What you are asked to do:
Directions for the data below: repeat exactly the lines from the one with "Δύο φωτογραφίες, στις" through the one with "Cute and sweet", both included, and omit all pictures.

Data extracts:
↓

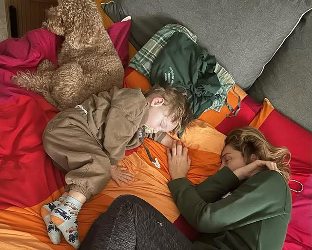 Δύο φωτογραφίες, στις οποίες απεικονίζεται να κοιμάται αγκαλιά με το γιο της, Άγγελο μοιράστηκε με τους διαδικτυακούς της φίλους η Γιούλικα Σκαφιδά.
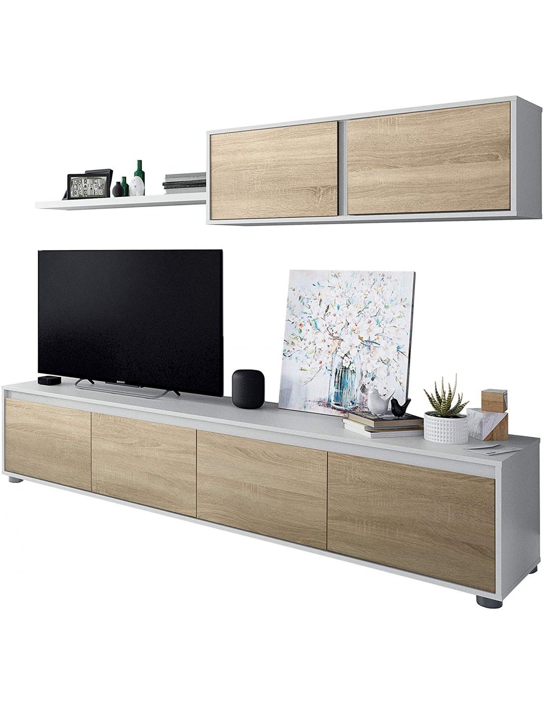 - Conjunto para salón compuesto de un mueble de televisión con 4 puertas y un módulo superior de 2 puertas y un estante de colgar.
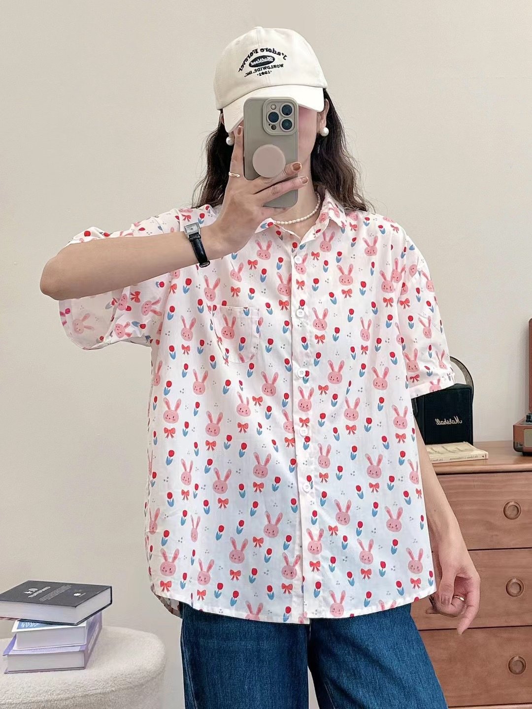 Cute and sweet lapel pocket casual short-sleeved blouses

↑
↓

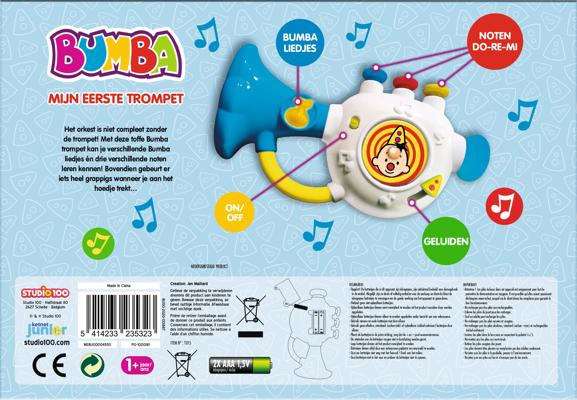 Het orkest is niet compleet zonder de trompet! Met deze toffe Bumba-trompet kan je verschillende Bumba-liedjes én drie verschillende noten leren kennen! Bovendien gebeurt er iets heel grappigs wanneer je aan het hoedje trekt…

↑
↓

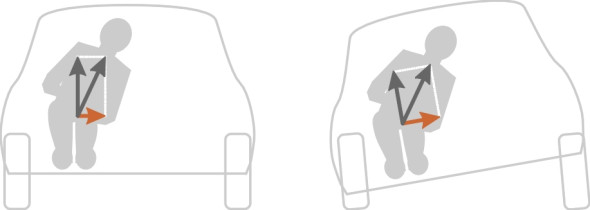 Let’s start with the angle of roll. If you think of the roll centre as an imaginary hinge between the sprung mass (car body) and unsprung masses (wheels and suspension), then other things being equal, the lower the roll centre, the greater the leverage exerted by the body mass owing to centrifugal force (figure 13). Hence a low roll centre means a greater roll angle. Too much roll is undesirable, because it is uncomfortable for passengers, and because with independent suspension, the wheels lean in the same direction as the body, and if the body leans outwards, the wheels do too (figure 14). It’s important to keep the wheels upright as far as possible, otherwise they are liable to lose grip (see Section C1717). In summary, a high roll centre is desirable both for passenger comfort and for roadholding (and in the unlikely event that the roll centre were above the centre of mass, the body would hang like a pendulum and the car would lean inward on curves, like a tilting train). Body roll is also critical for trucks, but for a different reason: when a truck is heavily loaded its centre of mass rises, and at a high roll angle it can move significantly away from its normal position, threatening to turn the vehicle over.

↑

Exercise response:
 Δύο φωτογραφίες, στις οποίες απεικονίζεται να κοιμάται αγκαλιά με το γιο της, Άγγελο μοιράστηκε με τους διαδικτυακούς της φίλους η Γιούλικα Σκαφιδά.
 - Conjunto para salón compuesto de un mueble de televisión con 4 puertas y un módulo superior de 2 puertas y un estante de colgar.
 Cute and sweet lapel pocket casual short-sleeved blouses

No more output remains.